W Ewangelii dzisiejszej usłyszeliśmy, że mędrcy upadli na twarz i oddali Mu pokłon (Mt 2, 11). Przychodzimy do kościoła, aby oddać pokłon Panu. Cała przestrzeń liturgiczne mówi nam o tym, że to jest szczególne miejsce. Stąd też wymaga się od nas szczególnego zachowania. Ważne są nasze postawy, gesty. Jak idziemy do teatru czy kina zachowujemy się tam w określony sposób. Nie można w teatrze zachowywać się niestosownie. Jak wyświetlali swego czasu w kinach Pasję, jeden starszy kapłan poszedł na film.

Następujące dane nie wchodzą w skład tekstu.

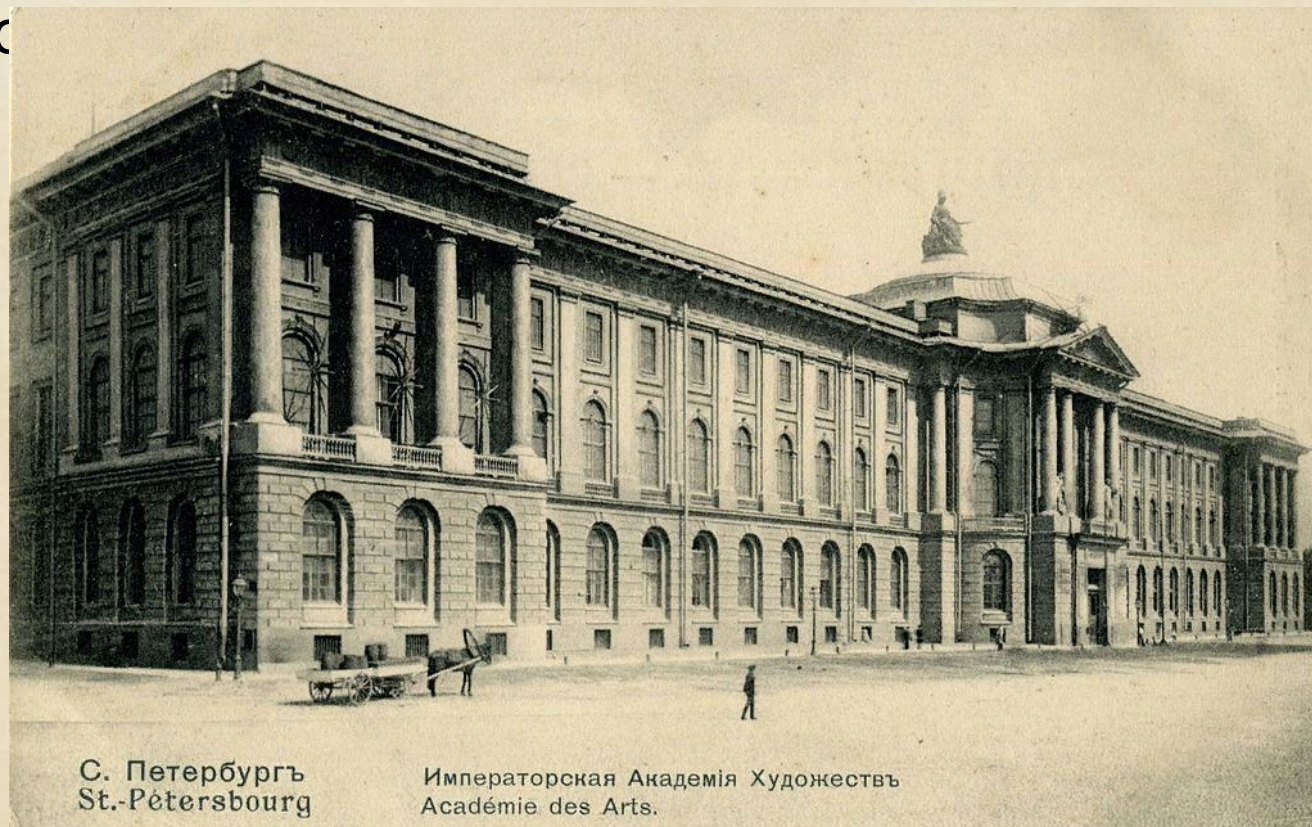
С. Петербургъ St.-Petersbourg

Семинарию Васнецов не закончил, уйдя с последнего курса. С благословения отца отправился в Петербург поступать в Академию художеств. Учился живописи в Петербурге — сперва у И. Н. Крамского в Рисовальной школе общества поощрения художников (1867—1868), затем — в Академии художеств (1868—1875). Получал серебряные медали ИАХ: две малые (1869) и б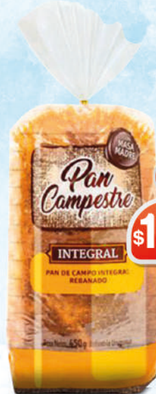
PAN CAMPESTRE INTEGRAL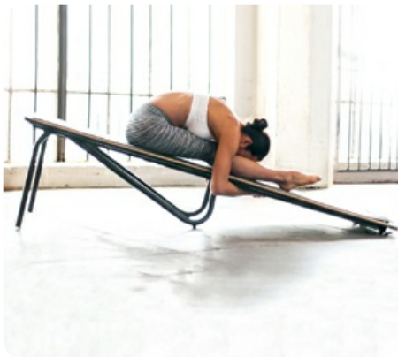
Выполнение традиционных упражнений с максимальной амплитудой

Tak był zaoferowany tym wydarzeniem, że gdy wszedł na salę kinową i jak przechodził przez środek wówczas – z przyzwyczajenie do chodzenia po kościele – przyklęknął. Trochę było śmiechu, bo pomylił kino z kościołem. Tu też powinien być śmiech lub jakaś inna reakcja, gdy ktoś pomyli kościół z kinem. Powinniśmy szybko takich ludzi przywołać do porządku, a w sytuacjach ekstremalnych wyprosić nawet z kościoła. Zwracam przy tej okazji uwagę na telefony komórkowe – wyłącz go, jak wchodzisz do kościoła, a nie potem dzwoni w czasie liturgii. To jest modlitwa. Gdy wchodzimy do kościoła, należy przyklęknąć, oddać cześć Chrystusowi, chodzimy czasem po kościele, jakbyśmy byli w muzeum na zwiedzaniu. Centrum tego miejsca w czasie Mszy świętej stanowi ołtarz, poza Mszą święta – tabernakulum. W kościele nie ma miejsca na głośne rozmowy, nawet jak się dekoruje kościół, czy sprząta. Proszę też w tym względzie zwracać uwagę także dzieciom, aby ich uczyć świętości tego miejsca. To jest bowiem miejsce szczególne. Upadli na twarz i oddali Mu pokłon (Mt 2, 11).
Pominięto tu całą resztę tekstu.